*Provided data*
━━━━━━━━━━

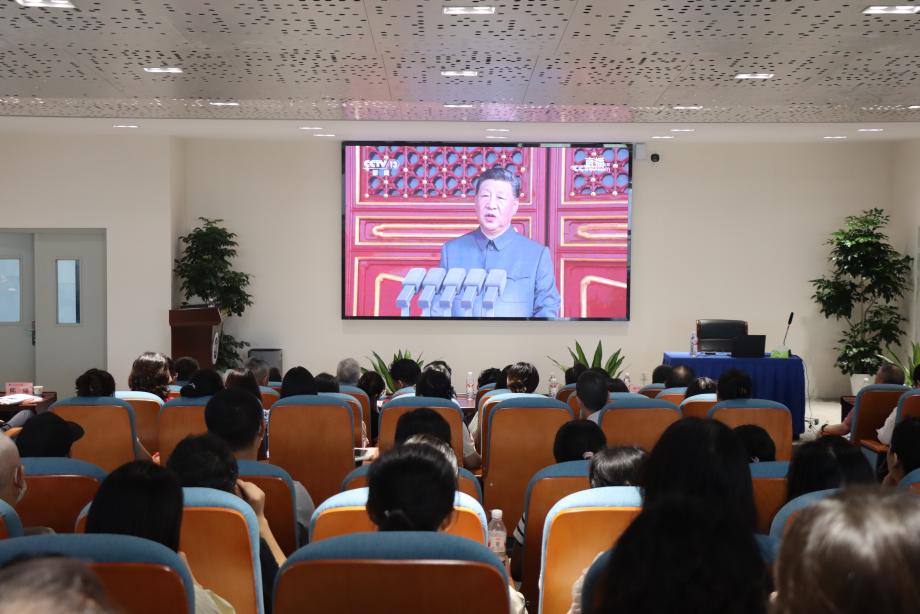 新闻网讯(通讯员 刘佳琪 黎雪婷)9月3日上午9点,纪念中国人民抗日战争暨世界反法西斯战争胜利80周年大会阅兵式在北京天安门广场隆重举行。我校全体校领导、副科级及以上干部、副高级及以上职称教职工在图书馆J506报告厅观看了大会盛况。
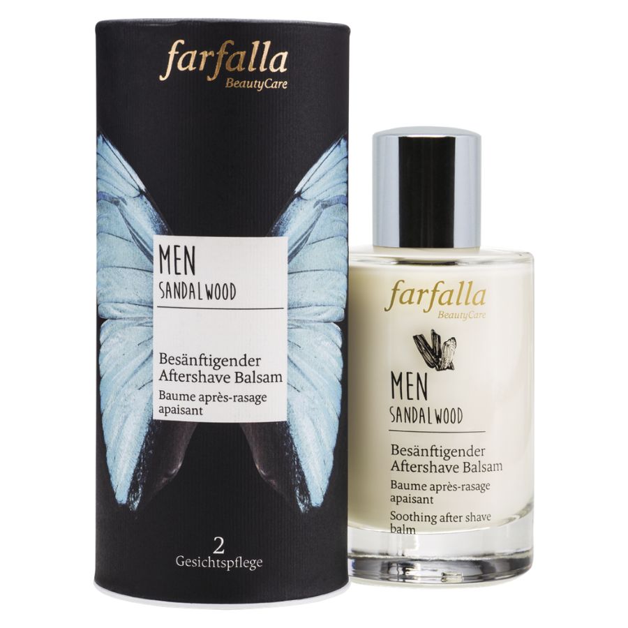 Beruhige deine Haut mit Farfalla men, Sandalwood, Besänftigender Aftershave Balsam Bio 100ml
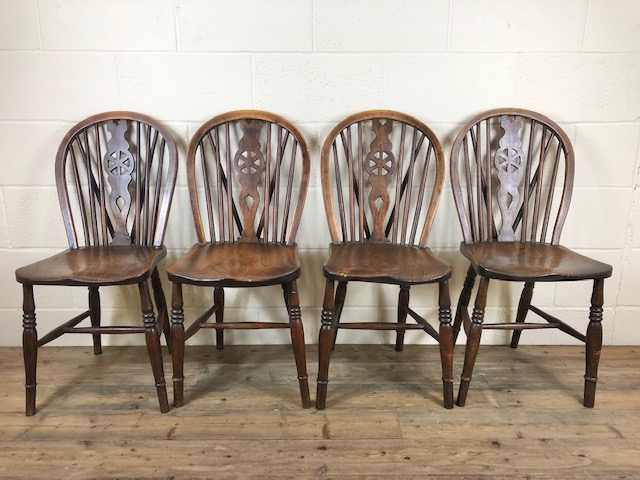 Set of Four 19th Century Ash & Elm Wheelback Chairs
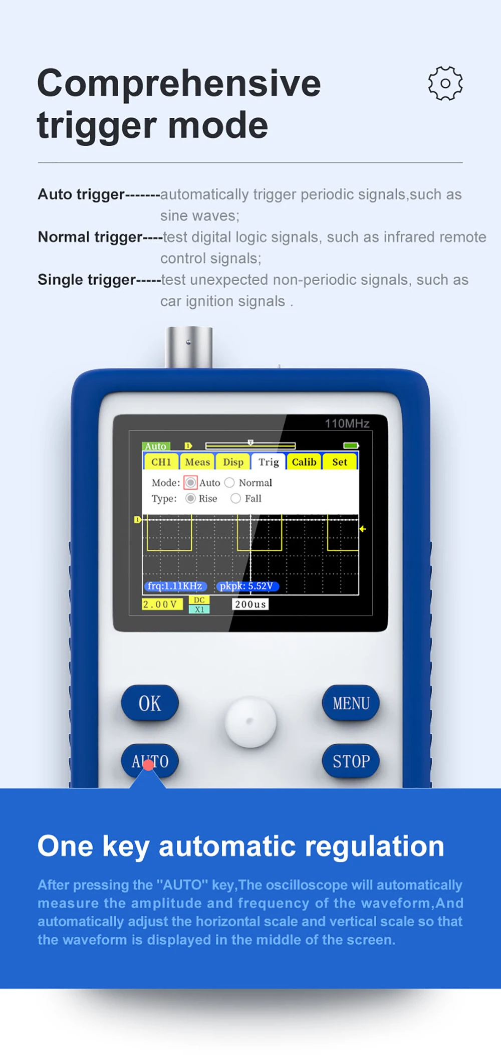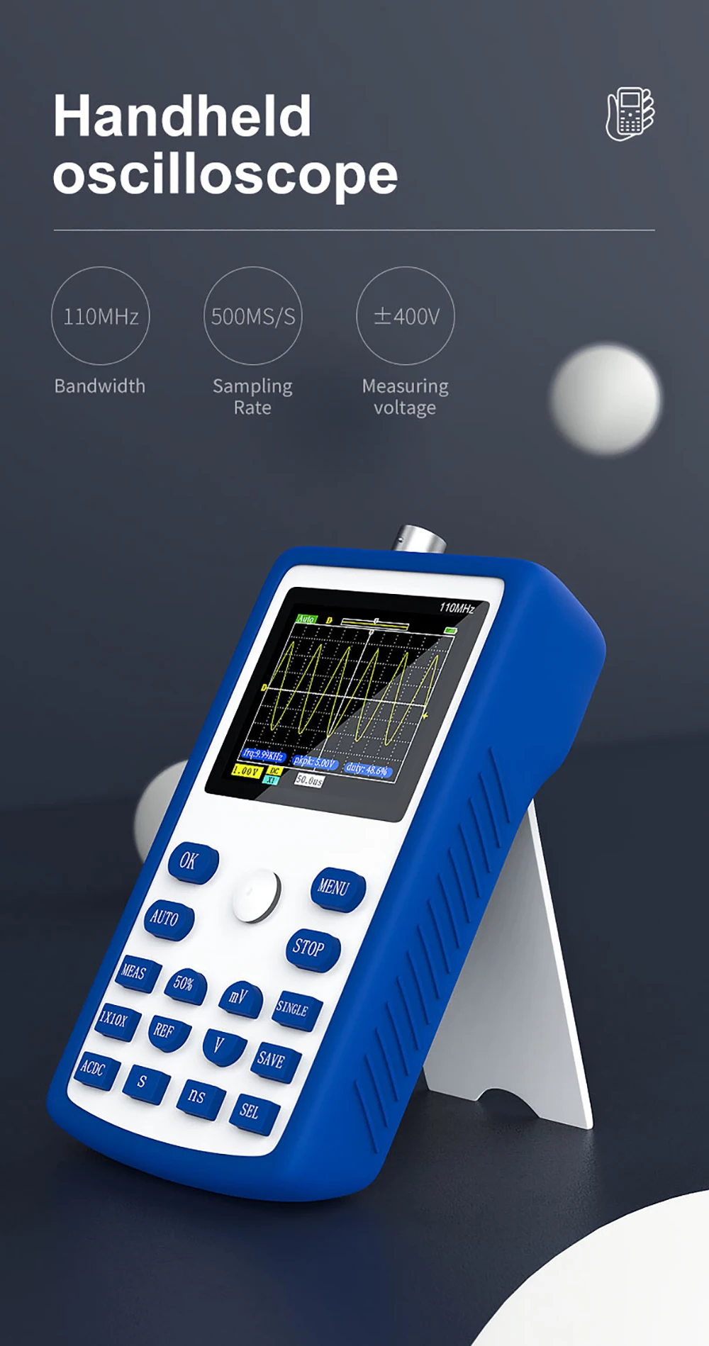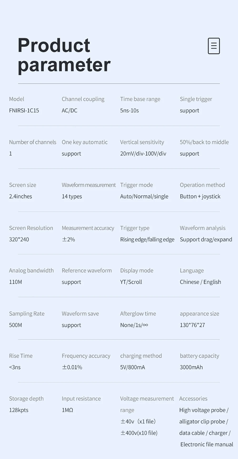 FNIRSI-1C15-это полностью функциональный, практичный и экономичный портативный осциллограф, недавно запущенный FNIRSI. Частота дискретизации в реальном времени составляет 500 м, а аналоговая полоса пропускания-110 МГц. В дополнение ко всем функциям Обычного Ручного осциллографа, мы также добавили на этой основе одну функцию быстрого авто, так что вы можете легко захватывать форму волны, как настольный компьютер. Мы добавили 1k Hz само-тест квадратной волны для FNIRSI-1C15, и глубина хранения была модернизирована до 12kpts. Со ссылкой на форму волны, вы можете сделать паузу в любое время, чтобы сохранить предыдущую форму волны на экране, и вы можете сравнить его с обновленной в настоящее время формой волны. Режимы Afterglow и прокрутки упрощают Обнаружение и запись сигналов. Встроенный аккумулятор емкостью 3000 мАч может работать непрерывно более 10 часов после полной зарядки. Корпус оснащен высококачественной силиконовой втулкой, которая не скользит и не скользит. Джойстик заменяет оригинальные клавиши со стрелками, что делает работу более простой и эффективной.

━━━━━━━━━━

*What you need to do*
Beginning with the line above that contains "Beruhige deine Haut" and ending with the line that contains "Set of Four", quote each line exactly, keeping out the pictures.

*Result for this task*
 Beruhige deine Haut mit Farfalla men, Sandalwood, Besänftigender Aftershave Balsam Bio 100ml
 Set of Four 19th Century Ash & Elm Wheelback Chairs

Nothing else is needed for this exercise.